Introduction: Approximately 20–30% of treated patients with immune thrombocytopenia (IT) will become resistant to standard therapy. Rituximab has been reported to be effective in nearly 50% of such patients. The following report describes our experience using rituximab as both a splenectomy-sparing and salvage intervention in a heterogenous group of IT patients.
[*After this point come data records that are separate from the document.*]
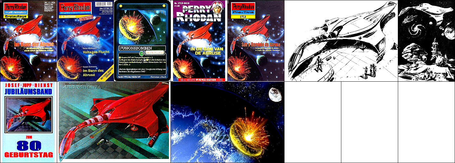 Raumschiff gleich, 1 - 5 gleiches Bild, 3 Ausschnitt, 8 bzw. 9 Vorbild für Raumschiff, das kosmische Ereignis ist von 10 entnommen |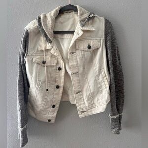 Chic hooded jean jacket with contrasting gray sleeves. Perfect for layering and casual style.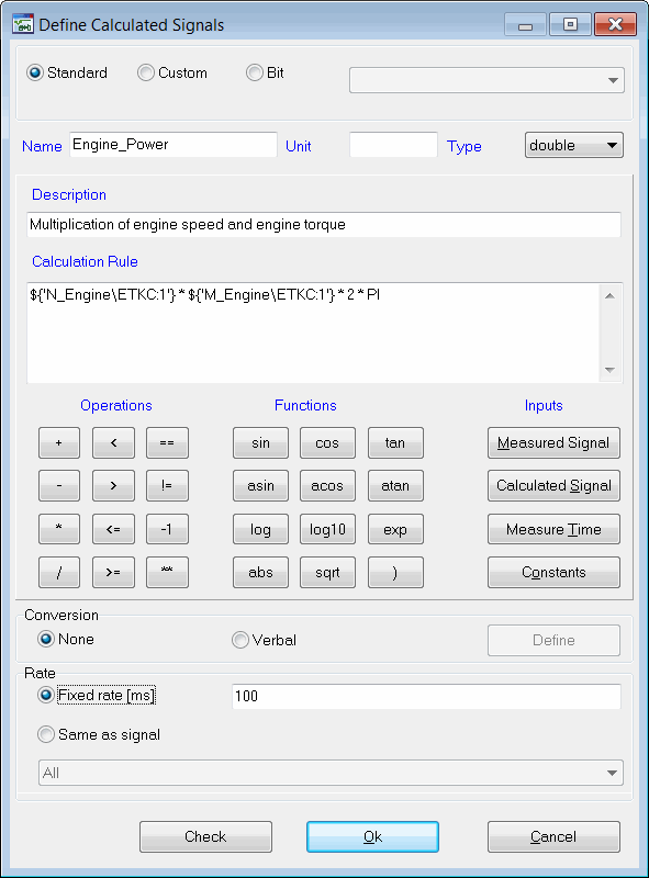 This formula is defined in the DefineCalculated Signals dialog box in the following way: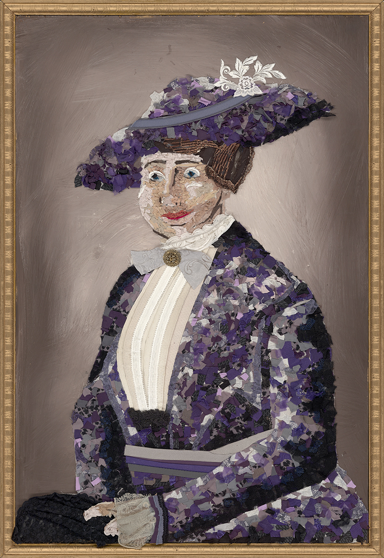 I believe that the message is in the medium of art, and I strive to use recycled/repurposed materials. I want you to think not just about aesthetic level, but additionally about where it came from. I repurposed fabric from donated/used bras to create a fabric collage portrait. Often when I think of the suffrage movement, I am inspired when I think of everything they accomplished while wearing restrictive corsets. The suffrage movement represents a breaking of bondage, I believe the shift from corsets to bras also represents that breakage from bondage. While it seems taboo to highlight bras, undergarments are generally something very personal, yet is also very universal. Voting is the same; very personal, yet universal at the same time. We all know a bra is there for support, and I believe that through the medium of bras, viewers could reflect on what it means to support women to participate in politics.  Social change takes the work of many people. As a Minnesotan, I’m proud that the the first woman nominated to run for Senate is from Minnesota. I hope my unusual bra art helps you remember the name Anna Dickie Olson and gives you a reason to bring her up in conversation. We stand on the shoulders of women who came before us.

Patients and Methods: 11 patients were evaluated retrospectively. Their characteristics were as follows: median age of 44 (range 20–79); 6 were female; median IT duration was 2.8 yrs (range 1mo-17yrs); median number of prior treatments was 3 (range 1–8); all patients had received steroids and most, high dose immunoglobulin. Other treatments included anti-RhD, vincristine, danazol, cyclophosphamide, staphylococcal protein-A column, plasmapheresis, mycophenolate mofetil, cyclosporine and autologous stem cell transplantation (ASCT). 6 patients (55%) had been splenectomized. 8 patients had primary idiopathic thrombocytopenic purpura (ITP) including 2 cases of Evan’s syndrome (ES) and 3 had secondary IT associated with antiphospholipid antibody syndrome (APS), cutaneous panniculitis-like T-cell lymphoma and chronic lymphocytic leukemia (CLL). The planned treatment was rituximab 375 mg/m2 i.v. weekly x 4. A complete response (CR) was defined as a rise in platelet count >100 X 109/L for greater than 3 months, partial response (PR) was defined as a rise in platelet count >50 X 109/L and no response (NR) was defined as no change or a rise < 50 X109/L.
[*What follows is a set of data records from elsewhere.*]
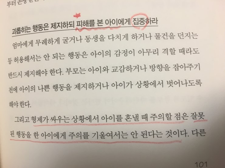 잘못된 행동을 한 아이에게 주의를 기울이지 말고, 피해를 본 아이에게 집중해야 한다는 것.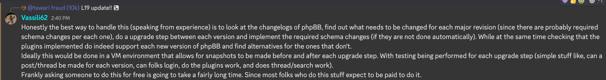 Like I mentioned to Thomas, no data is lost and I do take regular backups. It’s just a matter of getting the software through the upgrade lifecycle of over a decade’s worth of phpBB releases.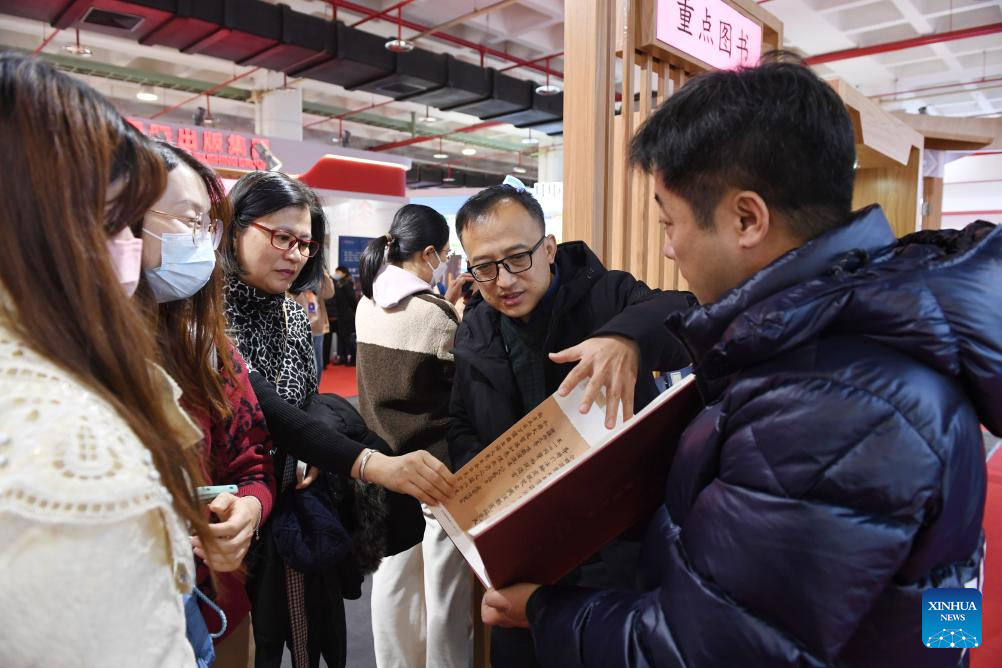 An exhibitor (2nd R) introduces a book at 2024 Beijing Book Fair in Beijing, capital of China, Jan. 11, 2024. More than 720 exhibitors participated in the 2024 Beijing Book Fair which started on Thursday, showcasing more than 400,000 kinds of books. (Xinhua/Ju Huanzong)

Results: All patients received the 4 doses of rituximab except 1 patient who achieved CR after 1 dose. Of the 8 primary ITP patients 6 (75%) attained CR, 1 had a transient PR and 1 a NR. All 3 patients with secondary IT reached CR. Overall, 91% of patients responded and 81% had CR. 1 ITP patient was spared a splenectomy and remains in CR at 7 mos. 5 of 6 (83%) splenectomized ITP patients reached CR and the 6th had a brief PR and failed to respond to retreatment. 4 of 5 splenectomized patients remain in CR at 3, 3, 32 and 34 mos, respectively. The last patient is a 44 y/o M with ES for 17 yrs who attained a transient CR with stable hemolysis but relapsed and was retreated 6 mos later with a sustained CR for nearly 3 years while maintained on intermittent rituximab therapy. Notably, he has experienced hypogammaglobulinemia with recurrent pneumonia. The 5th splenectomized patient reaching CR was a 35 y/o M with ES refractory to extensive pretreatment including ASCT and had a transient PR only after rituximab. He was retreated 4 mos later and reached a sustained CR 3 mos from last dose but died from hepatic failure characterized by marked cholestasis with loss of bile ducts of unclear etiology but possibly drug related. Among those with secondary IT is a 27 y/o F with APS who responded after 1 rituximab dose and remains in CR at 12 mos. Both cases of CLL and T-cell lymphoma remain untreated for their primary disease and continue in CR at 6 and 22 mos, respectively. No characteristic predicting response was identified. Rituximab therapy was well tolerated with limited infusional reaction, fatigue and headache occurring in 3 of 10 patients.

Conclusion: In contrast to published reports, 81% of our refractory IT patients treated with rituximab had durable responses. Furthermore, it appears retreatment and maintenance therapy may be effective in refractory IT at the expense of possibly an increased risk for infection.